To realize 3D multilayered microfluidic channels, a key issue is to ensure the uniformity of the shape of each layer. The high uniformity of the shape may be achieved by controlling two factors: the laser power and the etching time. Since optical loss was caused by multiphoton absorption and optical aberration of fs laser during the propagation in the glass substrate, higher laser power should be used to compensate for the energy loss at the deeper layers. This compensation will make each layer of the microchannel have the same modification to obtain the same etch effect during the corrosion process. In this experiment, a line-to-line scanning mode with a pitch of 2 μm is adopted to fabricate four layers of 3D embedded microchannels, where the top layer is embedded 200 μm below the glass surface, and the underlying layers have a 200-μm spacing from one another. Thus, the laser power density39 is optimized to 13 ± 1, 13.8 ± 1.3, 15.08 ± 1 and 16.9 ± 1.56 TW/cm2 for the 1st, 2nd, 3rd, and 4th layer microchannels, respectively Fig. 1a. The FLAE laser power density was measured after M4 Lens (Fig. S1). Each channel is arranged in parallel crosses Fig. S2a.

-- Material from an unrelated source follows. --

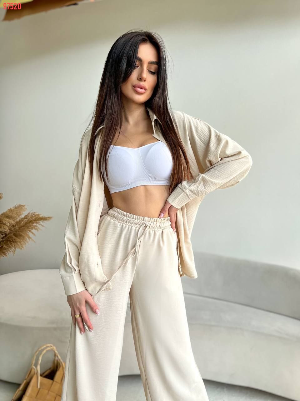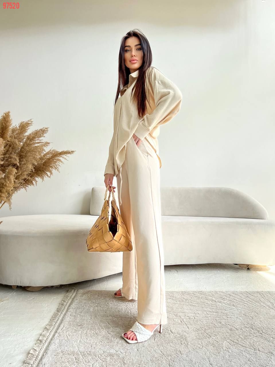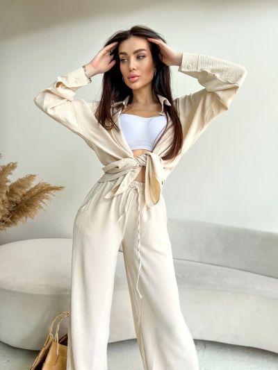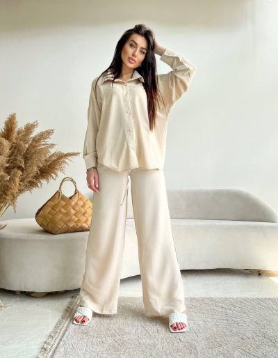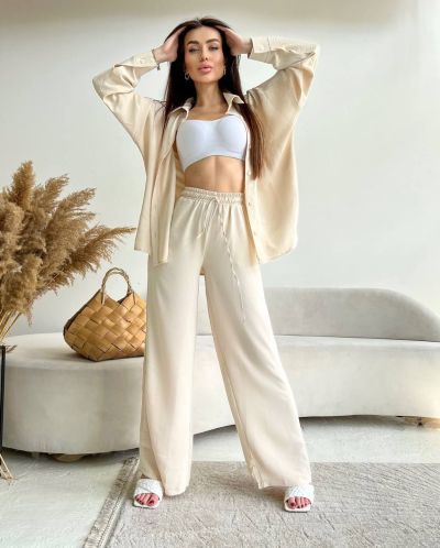 Хіт продажу цього сезону - стильні костюмчики з легкої та приємної тканини, дуже зручний та практичний, сорочка на ґудзиках, штани кльош на високій посадці Ґудзики в колір тканини

After the laser scanning, the microchannels are subjected to the first annealing. Due to the free-electron generation by the nonlinear multiphoton absorption of femtosecond laser, Ag+ in the irradiated region can capture the electrons to be reduced to Ag atoms. Then, the sample is put in a programmable furnace for the 1st heating treatment Fig. 1b. The temperature is increased to 500 °C at a rate of 5 °C/min, held constant for 1 h, increased to 605 °C at a rate of 3 °C/min and held constant for another hour. Ag atoms diffuse to form Ag clusters at 500 °C, which can act as nuclei to grow the crystalline phase of lithium metasilicate around them at 605 °C. Then, the annealed glass microchip was put in an aqueous solution of 10% hydrofluoric acid (HF) for ultrasonic etching to selectively remove the laser exposed regions Fig. 1c.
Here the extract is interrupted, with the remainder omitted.